There was plenty of fun to be had Tuesday at the Brunswick High youth baseball camp.

Equally as important: there was plenty of learning to be done, and the combined effort of the campers and coaches ensured both missions were accomplished with flying colors.

“My favorite part is normally being out here with all my friends,” said 9-year- old Braxton Sykes. “Just playing around, having fun playing the game I love.

“It’s been fun. I did this last year, and for the last two years I’ve been here, it’s been a blast.”

Brunswick baseball head coach Brian Crawford spoke glowingly about how campers like Sykes have made the event such a productive one.

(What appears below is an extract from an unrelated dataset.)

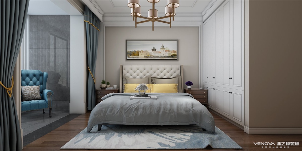 整体装饰韵味既含有古典美式的华贵又有现代风格的简约,运用清亮的色彩,从硬装到软装追求空间的干净与利落,不做复杂的空间布局,让室内充满温馨和舒适的感觉,带给人休闲式的浪漫生活。 <

“I think we’ve been blessed the last couple of years,” Crawford said. “We’ve had a number of just quality players with a basic foundation of the game and understanding of what we’re trying to do out here and what the purpose is.

“This is not daycare camp. We’re not out here to just be out here. We’re out here to learn the game of baseball and try to get better at what we can do.”

The four-day camp began Monday at the Pirates’ baseball field with the participants spending much of the day focused on catching and throwing with a purpose.

Crawford called being able to catch and throw on a consistent basis, “the rule No. 1 to competing in baseball,” and the lesson was obviously taken to heart. The focus and attention the campers paid each coach was clear as they made corrections and improvements in real time.

“Everything we’ve done today, we’ve seen progression,” said Harrison Trawick, the Region 2-6A Player of the Year in 2018. “We tell them to do one thing and then the next play they’re doing it.”

A pitcher and shortstop during his time as a Pirate, Trawick has since continued his playing career at Piedmont College. He’s taking time out of his summer to give back to the program and the next generation of Glynn County baseball players.

“I love working with younger kids,” Trawick said. “This is the age where basic fundamentals start. If they don’t get it now, they probably never will.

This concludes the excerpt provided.